══ Extracted material

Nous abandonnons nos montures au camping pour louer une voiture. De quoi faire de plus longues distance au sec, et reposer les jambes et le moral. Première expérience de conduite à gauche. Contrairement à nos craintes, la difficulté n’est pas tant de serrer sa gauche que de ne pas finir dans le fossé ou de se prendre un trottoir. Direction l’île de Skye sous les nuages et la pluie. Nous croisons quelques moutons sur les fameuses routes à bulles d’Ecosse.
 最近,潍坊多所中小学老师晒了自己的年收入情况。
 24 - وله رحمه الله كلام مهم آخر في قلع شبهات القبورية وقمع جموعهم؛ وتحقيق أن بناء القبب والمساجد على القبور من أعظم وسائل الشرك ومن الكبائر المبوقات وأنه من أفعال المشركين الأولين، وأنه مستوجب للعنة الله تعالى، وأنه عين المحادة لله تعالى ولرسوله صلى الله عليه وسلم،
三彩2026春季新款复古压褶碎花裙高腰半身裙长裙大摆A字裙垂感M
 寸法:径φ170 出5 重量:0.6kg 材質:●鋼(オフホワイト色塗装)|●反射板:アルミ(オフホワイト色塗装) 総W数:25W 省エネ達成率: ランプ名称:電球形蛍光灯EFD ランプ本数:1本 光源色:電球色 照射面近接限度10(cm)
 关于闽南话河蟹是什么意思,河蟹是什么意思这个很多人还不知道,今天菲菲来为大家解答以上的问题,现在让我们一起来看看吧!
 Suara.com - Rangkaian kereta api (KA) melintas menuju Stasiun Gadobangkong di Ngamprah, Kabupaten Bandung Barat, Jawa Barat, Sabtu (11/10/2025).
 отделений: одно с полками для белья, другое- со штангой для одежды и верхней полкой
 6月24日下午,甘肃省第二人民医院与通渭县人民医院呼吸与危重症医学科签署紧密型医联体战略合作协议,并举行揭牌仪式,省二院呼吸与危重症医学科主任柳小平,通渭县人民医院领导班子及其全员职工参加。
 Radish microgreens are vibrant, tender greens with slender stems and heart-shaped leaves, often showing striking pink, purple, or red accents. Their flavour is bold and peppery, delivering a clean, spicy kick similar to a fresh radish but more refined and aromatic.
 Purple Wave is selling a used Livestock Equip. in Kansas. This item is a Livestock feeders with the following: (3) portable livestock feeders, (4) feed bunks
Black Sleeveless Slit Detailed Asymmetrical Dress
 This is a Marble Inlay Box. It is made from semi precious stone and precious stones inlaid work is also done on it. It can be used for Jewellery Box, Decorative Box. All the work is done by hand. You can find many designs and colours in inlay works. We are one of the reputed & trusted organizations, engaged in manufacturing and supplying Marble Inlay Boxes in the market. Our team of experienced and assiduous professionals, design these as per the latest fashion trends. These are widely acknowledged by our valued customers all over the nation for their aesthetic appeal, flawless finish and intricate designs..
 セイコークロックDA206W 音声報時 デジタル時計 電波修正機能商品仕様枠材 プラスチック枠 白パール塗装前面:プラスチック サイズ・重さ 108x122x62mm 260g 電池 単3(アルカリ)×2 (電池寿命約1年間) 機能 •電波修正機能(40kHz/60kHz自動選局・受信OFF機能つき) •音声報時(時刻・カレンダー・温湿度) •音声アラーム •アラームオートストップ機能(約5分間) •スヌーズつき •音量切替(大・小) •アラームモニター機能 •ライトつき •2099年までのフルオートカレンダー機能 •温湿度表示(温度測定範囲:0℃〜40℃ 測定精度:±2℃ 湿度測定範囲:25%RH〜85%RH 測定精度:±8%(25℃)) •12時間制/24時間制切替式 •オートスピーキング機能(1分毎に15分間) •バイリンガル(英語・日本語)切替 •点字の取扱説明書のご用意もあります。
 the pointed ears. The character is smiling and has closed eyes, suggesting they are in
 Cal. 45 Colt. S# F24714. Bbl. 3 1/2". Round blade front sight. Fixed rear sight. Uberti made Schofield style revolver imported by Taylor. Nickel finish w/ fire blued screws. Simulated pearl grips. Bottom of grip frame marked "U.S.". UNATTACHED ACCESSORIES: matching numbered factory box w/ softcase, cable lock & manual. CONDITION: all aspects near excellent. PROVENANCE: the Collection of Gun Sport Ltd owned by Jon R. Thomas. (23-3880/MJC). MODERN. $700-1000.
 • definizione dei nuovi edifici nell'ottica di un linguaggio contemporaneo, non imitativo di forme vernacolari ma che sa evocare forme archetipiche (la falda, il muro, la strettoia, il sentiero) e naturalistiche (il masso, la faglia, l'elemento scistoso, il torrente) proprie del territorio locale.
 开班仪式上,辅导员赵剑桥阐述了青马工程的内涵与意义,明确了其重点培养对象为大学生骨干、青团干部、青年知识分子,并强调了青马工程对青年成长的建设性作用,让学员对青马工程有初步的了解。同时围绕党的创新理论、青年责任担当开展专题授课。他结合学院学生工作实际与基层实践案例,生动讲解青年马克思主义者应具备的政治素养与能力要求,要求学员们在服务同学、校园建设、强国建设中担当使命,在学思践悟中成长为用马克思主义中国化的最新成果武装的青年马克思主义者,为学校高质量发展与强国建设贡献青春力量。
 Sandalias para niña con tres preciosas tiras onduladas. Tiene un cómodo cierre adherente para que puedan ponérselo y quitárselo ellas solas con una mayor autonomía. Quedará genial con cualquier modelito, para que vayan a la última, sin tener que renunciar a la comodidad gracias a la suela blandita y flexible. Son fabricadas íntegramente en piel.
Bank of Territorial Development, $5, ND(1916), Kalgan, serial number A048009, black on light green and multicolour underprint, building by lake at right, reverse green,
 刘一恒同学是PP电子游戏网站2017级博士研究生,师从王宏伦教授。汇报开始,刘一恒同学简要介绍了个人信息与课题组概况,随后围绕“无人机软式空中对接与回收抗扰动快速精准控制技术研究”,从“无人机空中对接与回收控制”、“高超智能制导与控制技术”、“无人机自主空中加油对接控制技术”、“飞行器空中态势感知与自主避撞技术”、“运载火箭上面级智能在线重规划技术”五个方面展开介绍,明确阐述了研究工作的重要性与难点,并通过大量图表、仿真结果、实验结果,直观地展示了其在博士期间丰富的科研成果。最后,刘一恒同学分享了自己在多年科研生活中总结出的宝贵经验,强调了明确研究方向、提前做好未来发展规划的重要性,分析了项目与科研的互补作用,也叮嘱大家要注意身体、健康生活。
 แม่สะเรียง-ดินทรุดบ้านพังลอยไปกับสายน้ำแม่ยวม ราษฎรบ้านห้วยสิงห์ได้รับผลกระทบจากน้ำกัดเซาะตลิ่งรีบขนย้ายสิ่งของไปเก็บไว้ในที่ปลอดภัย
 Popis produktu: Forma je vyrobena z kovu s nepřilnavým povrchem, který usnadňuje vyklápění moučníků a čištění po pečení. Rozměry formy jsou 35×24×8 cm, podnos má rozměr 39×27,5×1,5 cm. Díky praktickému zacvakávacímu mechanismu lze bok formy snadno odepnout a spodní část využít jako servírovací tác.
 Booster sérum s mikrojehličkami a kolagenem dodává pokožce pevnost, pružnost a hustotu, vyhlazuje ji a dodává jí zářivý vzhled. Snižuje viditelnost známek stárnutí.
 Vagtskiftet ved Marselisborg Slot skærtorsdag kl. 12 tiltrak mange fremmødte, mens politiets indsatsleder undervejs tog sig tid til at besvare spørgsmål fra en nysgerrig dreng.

════

● **Try it**: In the listing above, count each line that holds the string "with". Give the number only.

● **Solution**: 2